4.4.2. Concerns Regarding Applicability

The applicability of identified models varied based on the participants in the development dataset (Figure 5 and Supplementary Table S3). Two models sought to develop prediction models for pregnancy complications as a basis for defining alternative diagnostic criteria, including women both with and without GDM [21,22]. Their aims differed from this review, the prediction of pregnancy complications in women with GDM limiting applicability.

4.5. Strengths and Limitations of this Review

To our knowledge, this is the first systematic review of prediction models for pregnancy complications in GDM. Strengths of this review include rigorous methods and a sensitive search strategy utilising standardised and validated search terms across the entirety of the two leading databases of biomedical literature since their inception. Bias was minimised with prospective registration and peer-reviewed publication protocol [16]. The risk of bias and applicability of included models was systematically and objectively evaluated using PROBAST [20], a robust and for-purpose tool.

Limitations included the inability to synthesize the quantitative characteristics of included models due to the heterogeneity of included studies. However, the results of the systematic search support this broad approach. We note that, despite the clinical imperative, there are only five prediction modelling studies for pregnancy complications in GDM that met our eligibility criteria in the indexed medical literature to date.

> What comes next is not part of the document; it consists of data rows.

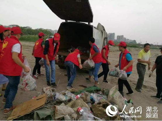 人民网 武汉(通讯员 李雄风)10月8日电 “江边石头下还有一个空水瓶,小心点把他捡过来。”10月7日下午,武汉工商学院10名青年志愿者协会成员参加了武汉义工群协会“爱我母亲河——长江”活动,与其他15名来自武汉各地的志愿者们一起在汉口江滩附近捡垃圾。
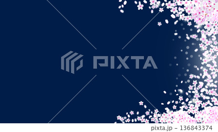 春のイメージ、桜の花と風に飛ぶ花びらの背景イラス
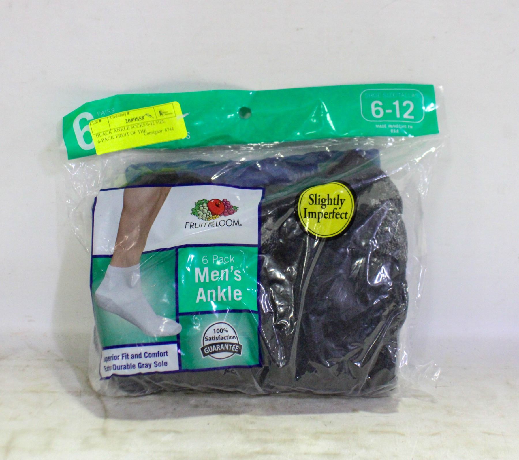 BLACK ANKLE SOCKS 6-12 SIZE 6-PACK FRUIT OF THE
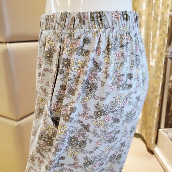 블루 톤 잔꽃 나염으로 여성스러운 분위기의 하의 입니다.
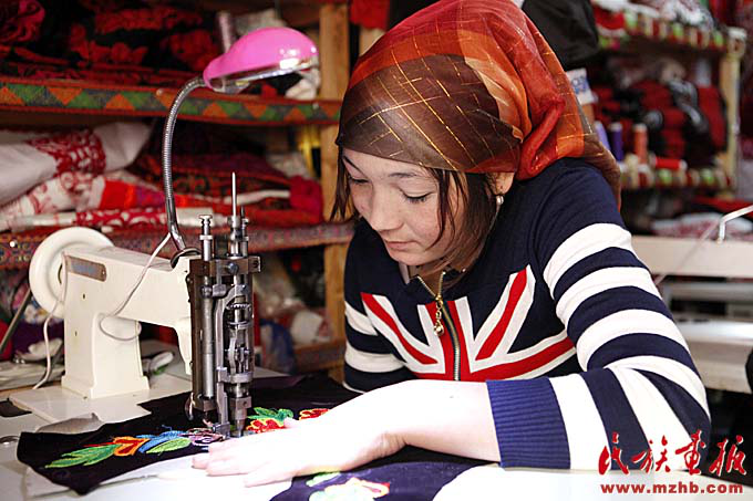 克孜勒陶乡妇女手工艺刺绣合作社。手工刺绣业成为克孜勒陶乡农牧民增收的一个渠道
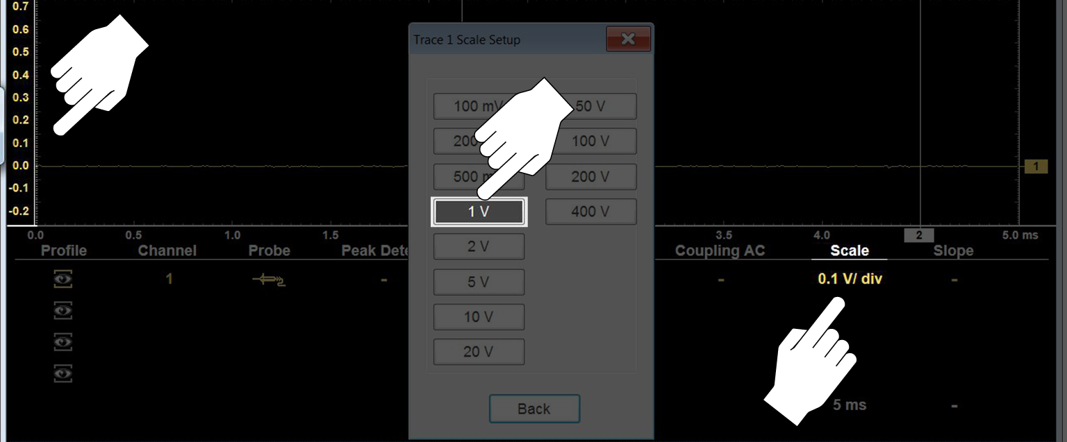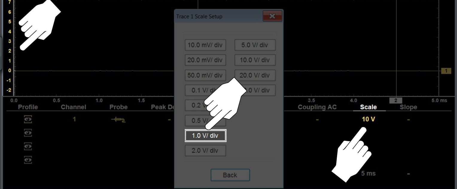 Trace Per Division - changes the dropdown vertical scale menu selections to ##/div mode, which in turn changes the vertical scale to represent ## by division.
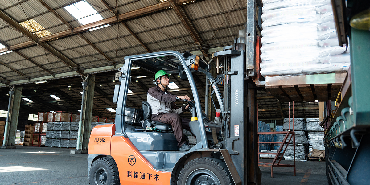 フォークリフト30台、包装機械5台、20tクレーン1台を保有し、製品の包装・出荷・在庫管理等、多木化学株式会社様 本社工場内での構内物流業務を行っております。
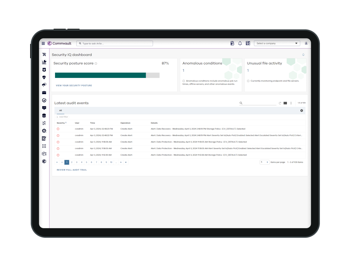 Secure, monitor, and respond. Security IQ delivers integrated insights to validate, secures, and actively defend data at its core – while driving better recovery outcomes.
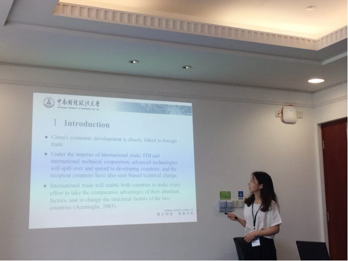 在会议平行论坛中,经济学院博士生牛晓迪报告了其与导师李小平教授合作的论文《Does the International Trade Affect the China's Provincial Biased Technical Change?》。文章认为外贸依存度和出口依存度对大部分地区的偏向型技术进步有着显著的负向影响,而进口依存度的影响程度弱于前两者。为了促进技术进步和经济发展,政府应充分认识地区差异,因地制宜,同时提高能源利用效率。
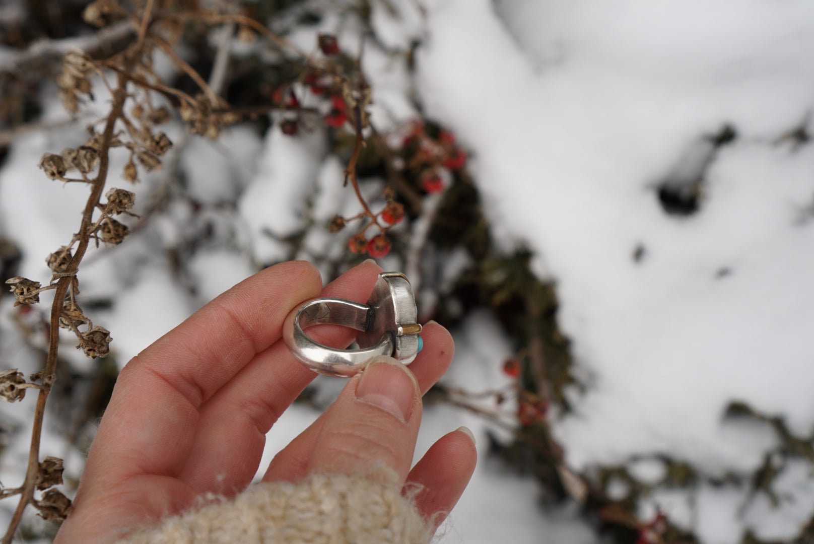 This gorgeous thick and hefty ring features a beautiful thick slice of raw blue old stock Kingman Nugget Turquoise. The matrix is beautiful and even has tiny specks of pyrite inside. Set in a hefty sterling silver setting with brass talon or claw settings along the edge grasping it in place. Unique and beautiful. The band is extra thick and chunky but not too wide, best fits a size 7.25-7.5.
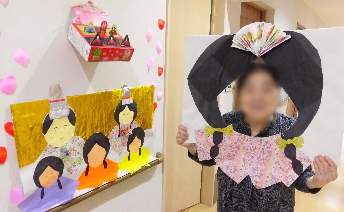 手作り満載のひな祭りを楽しみました。紙粘土でお雛様作り。 顔は皆様の思い思いの表情を描き、着物はお好きな色で(*^^*) 完成品は「かわいい~!」と抱きしめたりで皆様とても少女のように輝いておられました。
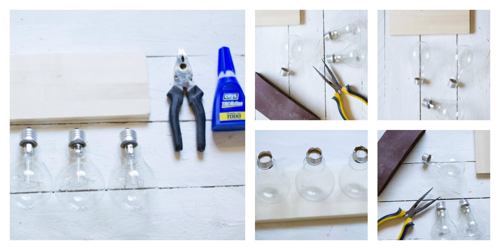 Con ayuda de una pequeña sierra y alicates, quitamos el mecanismo interior de nuestras bombillas. Lijamos un poco el contorno para no cortarnos.

Finally, given the heterogeneity of this condition and the variety of diagnostic approaches currently used, a developed model cannot be assumed to perform equally well (or poorly) in a new, but related population. Clinical prediction modelling is an iterative multi-stage process [58]. External validation in a range of new but related populations, both geographically and temporally, is crucial but, as this review suggests, frequently neglected. Such external validation may facilitate model updating which, by addressing the characteristics of the local population and clinical practice, is likely to optimise model performance [59].

5. Conclusions

This review demonstrates the potential for prediction models to provide an individualised absolute risk of pregnancy complications for women affected by GDM. However, limitations in current models have been identified and this emphasises that future model development and validation would benefit from the application of methodologic advances in this rapidly evolving field. External validation, including appropriate reporting of calibration and formal evaluation of clinical usefulness with decision curve-analysis, will significantly assist the translation of promising statistical models into a useful clinical tool. Such a tool would be capable of improving outcomes for women with GDM by enhancing clinical decision-making and facilitating the stratification of affected women by their risk of pregnancy complications, thus enabling a personalised model-of-care.